As far as landmark judicial decisions go, the mineral rights case of Ayers v Rubow is hardly a candidate to change the face of established jurisprudence. When Toole County, Montana Judge Ronald McPhillips issued his ruling in the case in the summer of 2009, it is doubtful few would have noticed, except for a couple of curious details. For one thing, Judge McPhillips had retired in 1994. For another thing, the case had been filed 26 years earlier and it had been nearly a quarter of a century since it had gone to trial.
The lawsuit began in 1983 when the plaintiff, Milan Ayers, claimed James Rubow breached his contract with him concerning certain mineral rights. The case progressed to a bench trial in 1985, at which time Judge McPhillips said he would take the matter under advisement and issue his ruling at a later date.
That “later date” came later than anyone anticipated. The judge evidently set the file aside and forgot about it. Inexplicably, neither the plaintiff, defendant, or either of their attorneys expressed any curiosity or impatience about the unresolved matter, even when the judge retired in 1994.
Years later, upon finding the file in an old briefcase in his attic, the now-retired judge sought guidance from the Montana Supreme Court, which suggested that if Judge McPhillips still remembered the case, he could make a ruling. Fortuitously, McPhillips had taken what he described as “extensive notes,” and was able to issue a decision, finding that the plaintiff had not proven his case and should recover nothing from the defendant.
William Conklin, the attorney for Ayers, expressed his disappointment in the ruling and stated that Ayers would prevail on appeal. He said he “remembered part of the case” and was sure that evidence had been presented, and possibly arguments, as well. The attorney for the victorious defendant Rubow had no comment, as it is uncertain whether he or she is alive.
Something must have happened between Mr. Ayers and his attorney because when the case was appealed, Mr. Ayers chose to represent himself, rather than continue to use Mr. Conklin. This time Mr. Ayers did not have to wait nearly as long for a resolution to his case.
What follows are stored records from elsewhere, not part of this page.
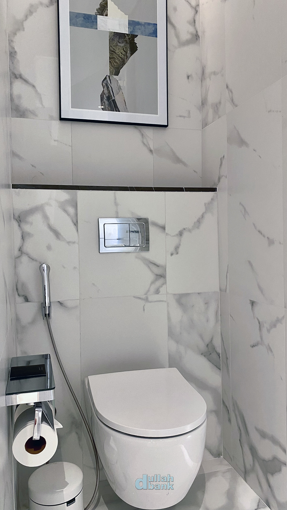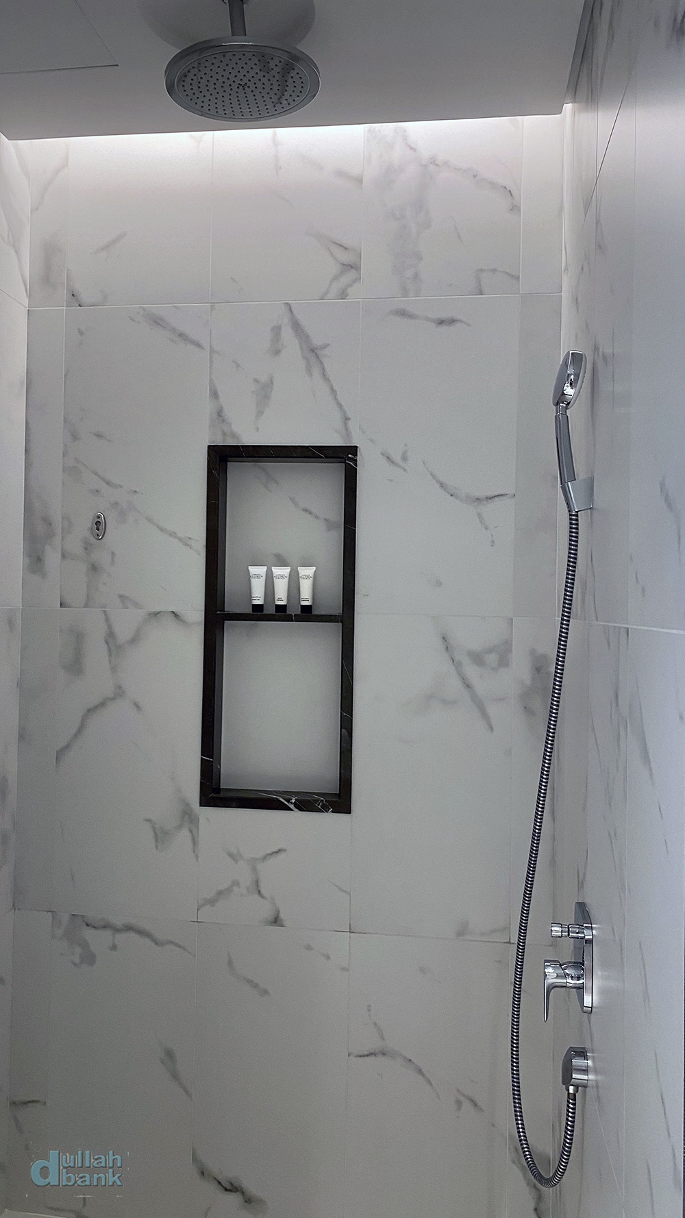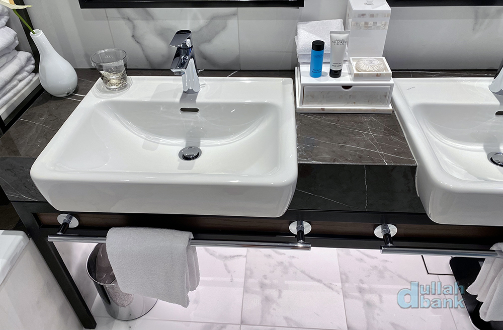 수납장과 미니바 맞은편에는 어드레스 다운 대리석벽으로 마감한 화장실이 있습니다.
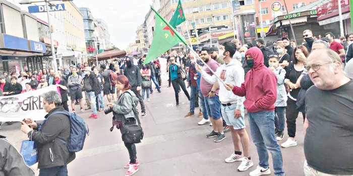 Faşistlerin saldırıları ardından “Saldırıya karşı demokratik direniş” sloganıyla başlayan protestolar kapsamında Perşembe akşamı da kitlesel bir miting ve yürüyüş gerçekleştirildi. Avrupa Kadın Platformu’nun organize ettiği eyleme DKTM, DİDF, MLKP, SKB, ADHK, Komintern, Platform Radikale Linke, PYD üye ve aktivistleri de katıldı. Eyleme katılan Yeşiller Partisi eski Milletvekili Berivan Aslan faşist saldırılara tepki göstererek, “Erdoğan şunu iyi bilsin ki; burası Türkiye değil. Burada kendi güdümündeki faşist ırkçı çeteleri örgütleyerek, Kürtler ve dostlarını yıldırarak, sindirerek, diz çöktüreceğini zannediyorsa yanılıyor” dedi. Polisin tutumunu eleştirerek eylemcilerin fişlenmesine tepki gösteren Aslan, “Fişlenecek birileri varsa o da Erdoğan’ın örgütlediği ırkçı, faşist ve gerici guruplar ve onların mensup olduğu dernek ve illegal kurumlardır” diye belirtti.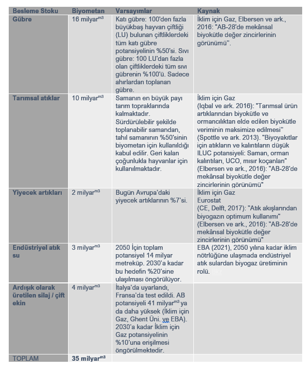 Tablo, AB’nin kendi biyokütle kaynakları aracılığıyla sürdürülebilir bir şekilde 35 milyar metreküp biyometanı nasıl üreteceğini göstermektedir. Bu besleme stoku karışımı, önceki çalışmalar ve endüstriyel atık sular üzerine öngörüler dikkate alınarak hazırlanmıştır. Öngörüler son derece gerçekçidir.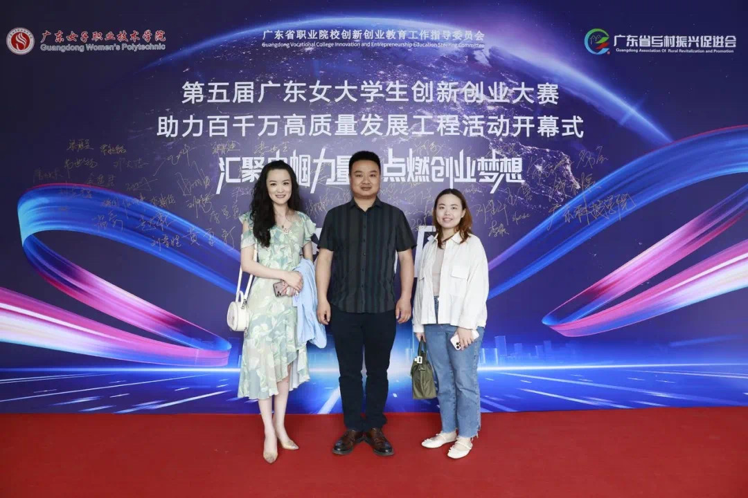 2024年5月17日,由广东省教育厅、广东省农业农村厅指导,广西壮族自治区人民政府驻广州办事处支持,广东女子职业技术学院、广东省职业院校创新创业教育工作指导委员会、广东省乡村振兴促进会、广东粤城产业发展有限公司联合主办的第五届广东女大学生创新创业大赛助力百千万高质量发展工程活动开幕式在广电城投686创意园(广东广播电视台)国际会议厅隆重举行。大赛组委会主任、广东省乡村振兴促进会会长、原广东省农业农村厅二级巡视员陈文,大赛指导单位、支持单位,以及大赛组委会、专委会、执行委的领导嘉宾,近50所参赛高校的师生代表,淘宝直播、京东零售等新媒体平台代表共200多人出席活动。我校受邀参加本次开幕式,创新创业学院院长荣少林、校企合作办公室副主任潘虹、关沛琪老师一行三人前往参与。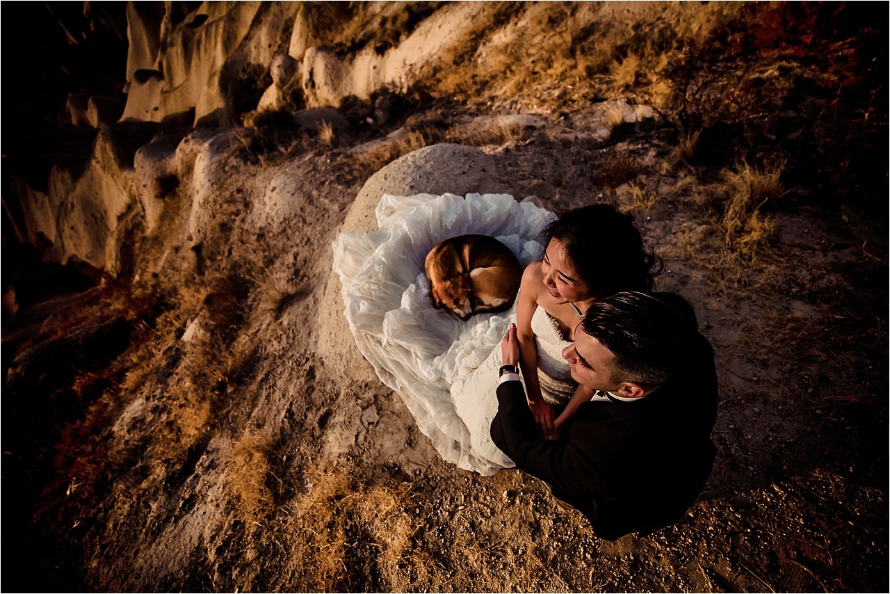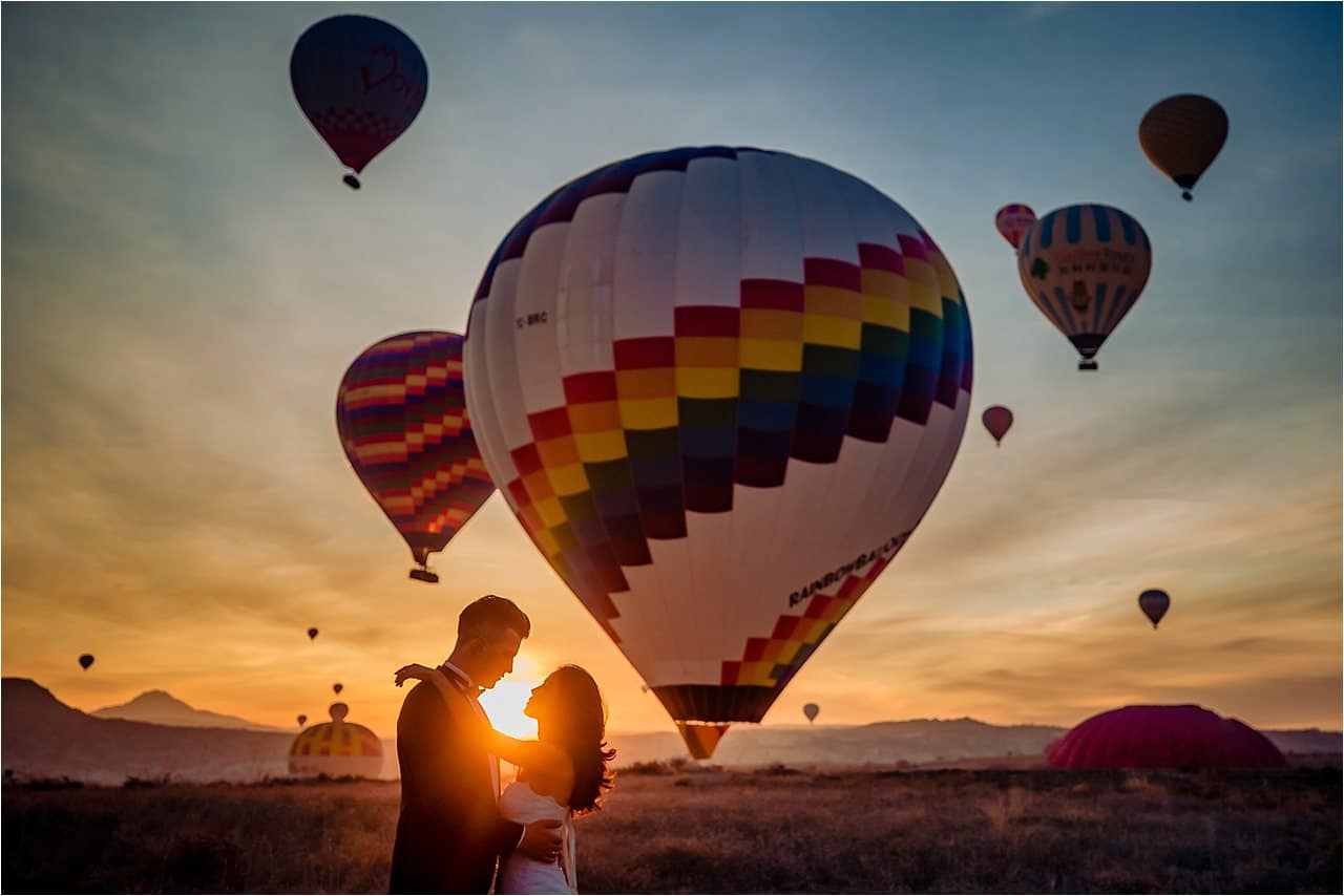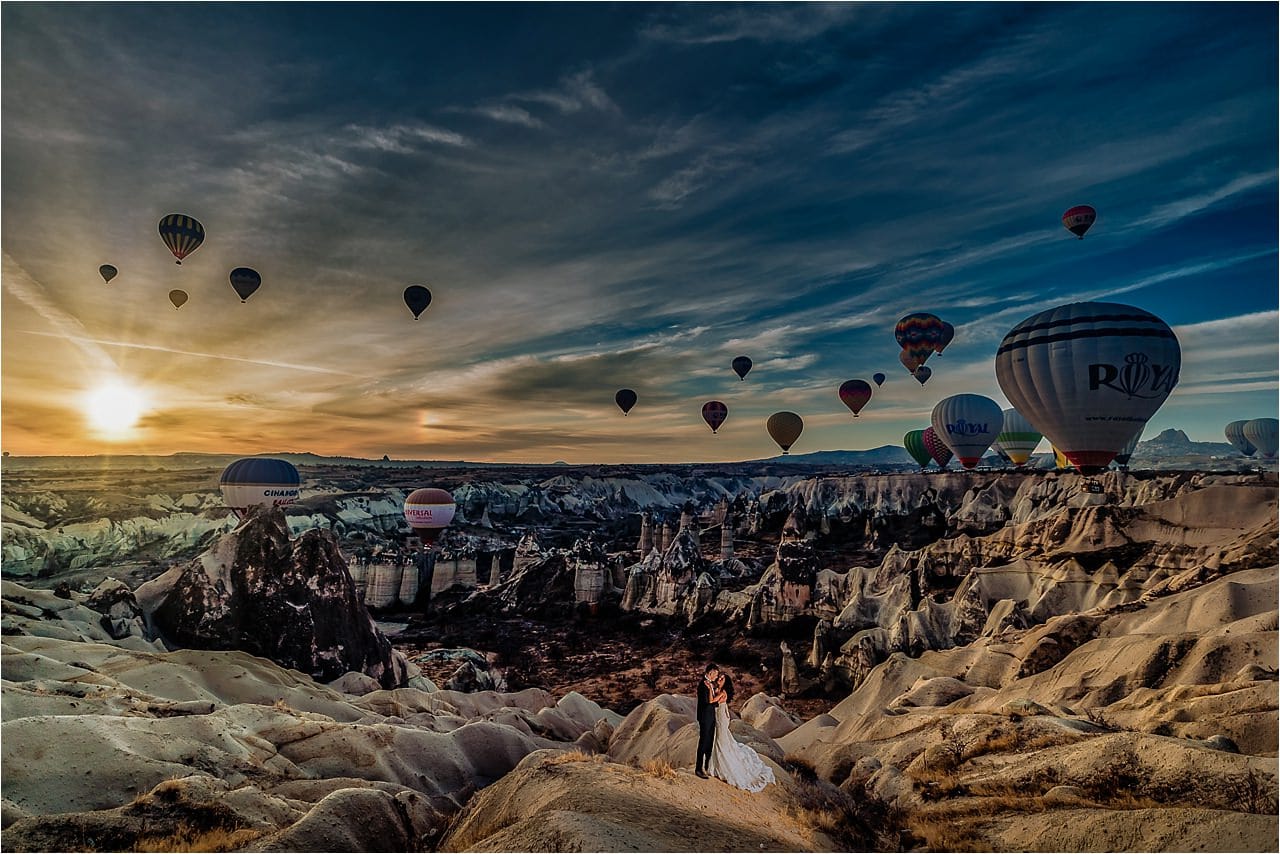 Wat was dit gaaf! Dit stond al jaren op mijn lijstje om te doen en het werd werkelijkheid. Mijn goede vriend Ufuk nodigde mij uit om naar Turkije te vliegen en samen met hem deze shoot te doen. Het was al heel vroeg opstaan op de dag van de shoot omdat we echt de zonsopgang wilden meenemen en het magische licht te vangen. Dit super leuke stel uit Singapore was werkelijk overal voor in. Om 5 uur in de morgen stonden we al klaar en het enige wat we hoefden te doen was wachten op de tientallen ballonnen die werden klaar gemaakt voor de vlucht.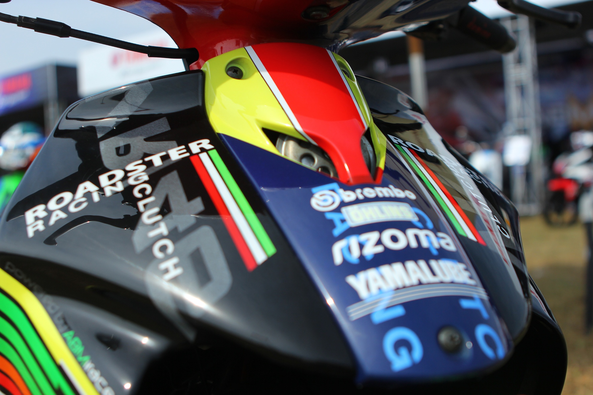Dàn vỏ của chiếc xe 2 thì được sơn các mảng màu nổi bật, lấy màu xanh da trời làm chủ đạo, bên cạnh các logo thường thấy trên mũ bảo hiểm và xe đua của Rossi.
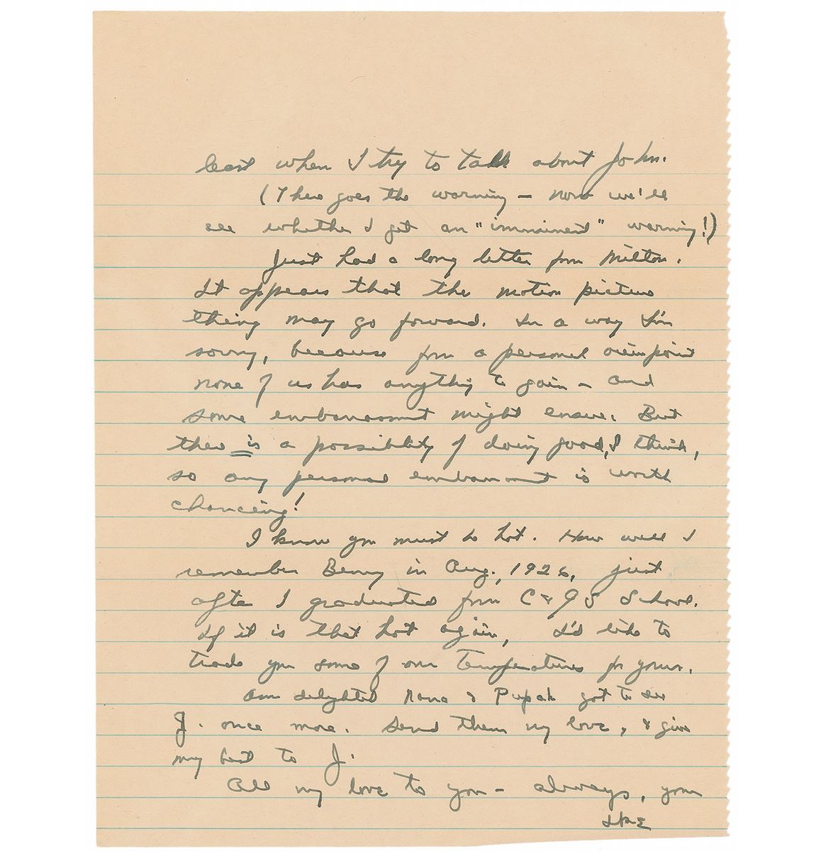 War-dated ALS signed “Ike,” two pages, lightly-lined, 8 x 10.5, July 11, 1944. Letter home to his wife, Mamie, in part: "Lately I saw a piece in the paper which intimated that on 4th July in France I was exceedingly reckless & 'showing off.' Pay no attention to such tales. I'm most careful—and I'm not talking for effect. Ask Johnny [Eisenhower] how promptly I duck to the shelter when the 'Buzzers' come around! Tell him I spent the last 2 nights at the camp. I didn't mean to upset you with 'advice.' I was merely philosophizing on the basis of what I thought John needs, etc. Forget it! I'm always a bit off key when I try to talk seriously—at least when I try to talk about John. (There goes the warning—now we'll see whether I get an 'imminent' warning!) Just had a long letter from Milton. It appears that the motion picture thing may go forward. In a way I'm sorry, because from a personal viewpoint none of us has anything to gain—and some embarrassment might ensue. But there is a possibility of doing good, I think, so any personal embarrassment is worth chancing!” In fine condition.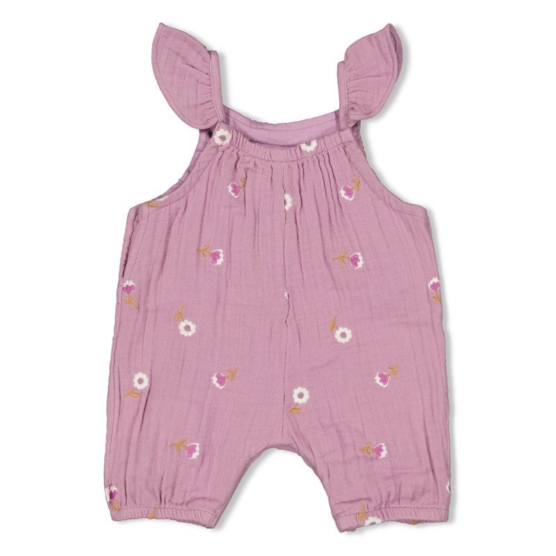 Schattig mousseline playsuitje met een bloemen borduring van Feetje.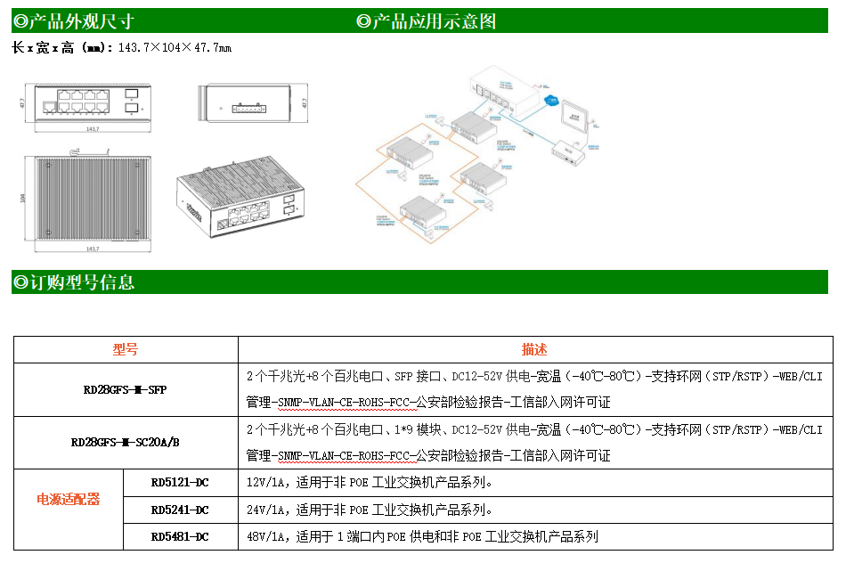 RD28GFS-M-SFP是網(wǎng)管型工業(yè)以太網(wǎng)交換機,產(chǎn)品符合FCC、CE、RoHS標準。支持2個千兆光口和8個百兆電口;支持工業(yè)現(xiàn)場所需的以太網(wǎng)二層協(xié)議,保證通信網(wǎng)絡(luò)的穩(wěn)定性;該系列交換機采用低功耗、無風扇設(shè)計,確保無噪聲干擾,同時支持-40~80℃工作溫度和良好的EMC電磁兼容性能,保證在惡劣的工業(yè)環(huán)境中保持穩(wěn)定的工作,為工廠自動化,智能交通,視頻監(jiān)控等工業(yè)應(yīng)用領(lǐng)域組建快速穩(wěn)定的網(wǎng)絡(luò)終端接入網(wǎng)絡(luò)提供安全可靠的解決方案。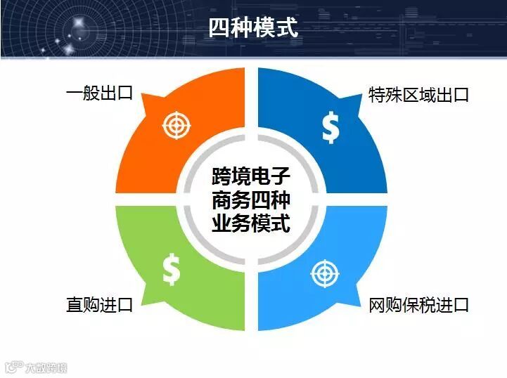 这是我们四种模式,可能在做电商朋友们可以看到,我们有一般出口、特殊区域出口,网购保税进口,直购进口。

The Montana Supreme Court took the case on July 14, 2010, and issued its decision 27 days later.
As it turned out, Mr. Ayers didn’t fare any better with swift justice than he did when justice was delayed. The Supreme Court unanimously concluded that Mr. Ayers failed to present any legal reason why Judge McPhillips’ decision should be overturned. While lamenting that it was “extremely unfortunate that the judgment in this case was not filed for almost 25 years,” the Court also noted that Mr. Ayers took no measures to try to hasten a resolution to the matter. The Court also found Mr. Ayers’ allegations of conspiracies against him to be beyond the scope of what it could consider, thus bringing to a final conclusion, the case of Ayer v Rubow.
Had the case continued for much longer, it might have become reminiscent of the infamous case of Jarndyce and Jarndyce, so memorably described in the opening pages of Charles Dickens’ Bleak House:
“Jarndyce and Jarndyce drones on. This scarecrow of a suit has, in course of time, become so complicated that no man alive knows what it means. The parties to it understand it least, but it has been observed that no two Chancery lawyers can talk about it for five minutes without coming to a total disagreement as to all the premises. Innumerable children have been born into the cause; innumerable young people have married into it; innumerable old people have died out of it. Scores of persons have deliriously found themselves made parties in Jarndyce and Jarndyce without knowing how or why; whole families have inherited legendary hatreds with the suit. The little plaintiff or defendant who was promised a new rocking-horse when Jarndyce and Jarndyce should be settled has grown up, possessed himself of a real horse, and trotted away into the other world. Fair wards of court have faded into mothers and grandmothers; a long procession of Chancellors has come in and gone out; the legion of bills in the suit have been transformed into mere bills of mortality; there are not three Jarndyces left upon the earth perhaps since old Tom Jarndyce in despair blew his brains out at a coffee-house in Chancery Lane; but Jarndyce and Jarndyce still drags its dreary length before the court, perennially hopeless.”